If you implement this pay yourself first ideal, you won’t have to worry about how much you’re contributing; the most important thing is to develop the habit of saving. You can increase your contributions when your income rises or when you’ve achieved more of your short-term goals.
6. Make Sure Your Lifestyle Costs Lag Your Income Growth
Many new graduates find that in the first couple years of working they have excess cash flow. Still used to their more frugal student spending habits, it is easy to make more money than needed. Rather than using excess income to buy new toys and live a more luxurious lifestyle, put the money toward reducing debt or adding to savings. As you advance in your career and attain greater responsibility, your salary should increase. If the cost of your lifestyle lags your income growth, you will always have excess cash flow that can be put toward financial goals.
Where people get into trouble is by feeling entitled to a standard of living that exceeds what they can afford. However, if you keep your standard of living below what you earn, you won’t have to cut back to accumulate money.
7. Become Financially Literate
Making money is one thing; saving it and making it grow is another. Financial management and investing are lifelong endeavors. Making sound financial and investment decisions is important for achieving your financial goals.
Research has shown that people who are financially literate end up with more wealth than those who are not. Taking the time and effort to become knowledgeable in the areas of personal finance and investing will pay off throughout your life.
8. Seize the Opportunities: Take Calculated Risks
Taking calculated risks when you are young can be a prudent decision in the long run. You might make mistakes along the way, but remember, mistakes are the lessons of wisdom. You often learn more from your mistakes than from your successes. Also, when you are young, you can recover faster from financial mistakes, and you have many years to recover.

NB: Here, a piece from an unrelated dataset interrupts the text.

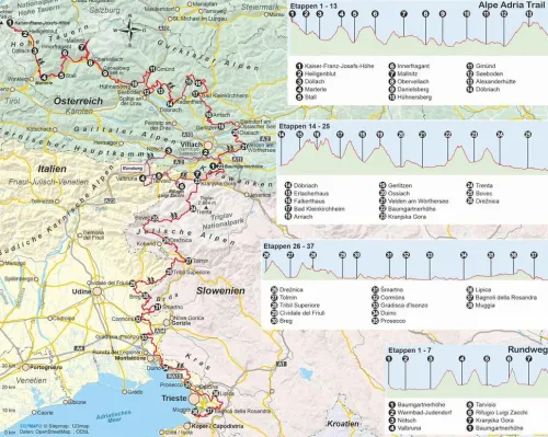 Von den Bergen bis ans Meer: Der Alpe-Adria-Trail macht es möglich. Auf rund 707 km führt der Weitwanderweg durch Kärnten, Slowenien und Friaul-Julisch Venetien. Beeindruckende Gebirgsformen und zahlreiche geschichtliche Zeugnisse lassen die Wanderung nie langweilig werden. Darüber hinaus begeistern die Gastfreundschaft der Einheimischen und die vielfältige Küche der verschiedenen Regionen. Der Wanderführer beschreibt den Weg vom Großglockner nach Muggia an der Adria in 37 Etappen. Zu jeder Tagesetappe finden Sie hilfreiche Angaben zu Übernachtungsmöglichkeiten und anderer Infrastruktur vor Ort. Bei der Orientierung helfen genaue Karten, Höhenprofile und kostenlose GPS-Tracks.

Examples of calculated risk include: moving to a new city with more job opportunities; going back to school for additional training; or taking a new job at a different company for less pay but more upside potential. Starting a new company, working for a small startup, or investing in high risk/high returnstocks is easier to do when you’re young. As people get older and assume more family responsibilities like paying off the mortgage or saving for the kids’ education, many are forced to play it safe and are unable to capitalize on riskier opportunities that present themselves.
9. Borrow Money For Investments – Never to Finance a Lifestyle
Using credit for a life you feel entitled to is a losing proposition when it comes to building wealth. The constant borrowing will assure that there is no money available for investing, and the added interest expense of borrowing further increases the cost of the lifestyle.
Borrowed money should be used only for investing – where your gain will outrun your borrowing costs. This might mean investing in the literal sense (stocks, bonds, etc.) or it might mean investing in yourself for your education or to start a business or to buy a house. In these cases, borrowing can provide the leverage you need to reach your financial goals faster.
10. Take Advantage of Financial Freebies
Not many things in life are free. If you belong to a company pension plan, take the free money it offers and make sure that you contribute at least up to the maximum of what your company will match.
You can also look for (legal) ways to take advantage of tax laws. For example, contributing to an individual retirement account (IRA) will result in a tax savings – in effect, the government is giving you free money to provide an incentive to contribute. There is also an incentive to invest in stocks because of favorable tax treatment on capital gains and dividend income.